The ability of para-Bombay individuals to express ABH in tissues like genitourinary epithelium or gastrointestinal epithelium draws special attention when ABO mismatched solid organ transplantation is being considered. Townamchai et al. ¹¹ reported that a group AB para-Bombay kidney donor was unintentionally misclassified as blood group O. If that misclassification had not been corrected, transplanting the donor tissue of this group AB para-Bombay into a group O blood group patient would have resulted in detrimental hyperacute rejection ensuing immediate intravascular thrombosis and sudden allograft loss due to the reaction between anti-A or anti-B of the recipient’s serum and A or B on the para-Bombay donor’s kidney epithelial cells. Hence, successful ABO-incompatible renal transplantation in such a group O recipient required pre-transplantation desensitization because of the donor’s ABO group being group AB para-Bombay. ¹¹

The molecular basis of occurrence of Bombay and para-Bombay phenotypes are proposed to possess mutations in FUT1 and FUT2, more frequently nonsense and missense mutations. ¹² There are more than 30 FUT1 and 5 FUT2 alleles associated with weak H expression and 25 FUT1 and 22 FUT2 alleles associated with loss of H expression. ¹³ Some well-known mutations for FUT2 are c.385A>T (p.Ile129Phe) in FUT2*01W.02 alleles in the Asian population and nonsense mutation c.428 G>A (p.Trp142Ter) found in the FUT2*01N.02 allele and reported in African and European populations. ¹⁴ In addition to naturally occurring anti-A and/or anti-B, para-Bombay individuals can also produce anti-H, anti-IH, or both.
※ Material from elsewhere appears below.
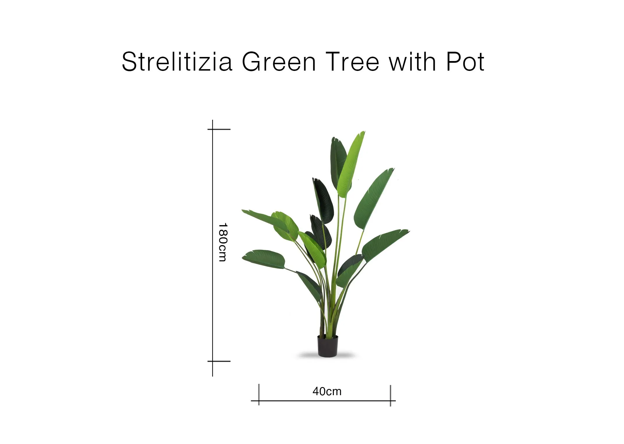 Experience tropical foliage with this 180 cm Strelitzia Green Tree. Authentic, low maintenance, and comes with a pot.

These antibodies are predominantly of IgM type and exhibit a broad thermal range (4–37°C) as we encountered in this case. ¹⁵ Determining the presence of these antibodies is important because they are sometimes potent enough to cause rapid intravascular RBC destruction. ¹⁶ Anti-IH, a weak H-like antibody, is almost always present in the serum of these individuals. This antibody is nonreactive with cord RBCs and is not inhibited by secretor saliva. ⁸ Unlike anti-H and anti-I, it reacts only in the presence of both H and I together. Agglutination with group O I_adult RBCs and no agglutination with group O i_cord RBCs and O_h I_adult Bombay RBCs suggests the specificity of anti-IH in our patient. ⁴ The titer of the cold antibody in this patient was 8 at 37°C and RT and 32 at 4°C. Since the cold antibody is reacting at 37°C, it is considered clinically significant. In view of transfusion therapy, this patient could be transfused with only Bombay or para-Bombay blood group RBCs due to preformed antibodies in the serum. In this case, the patient underwent the intervention without any need for transfusion.

Consequently, systematic investigation of any blood group discrepancy with detailed immunohematologic workup has established a vital role in planning transfusion therapy in such rare phenotype individuals.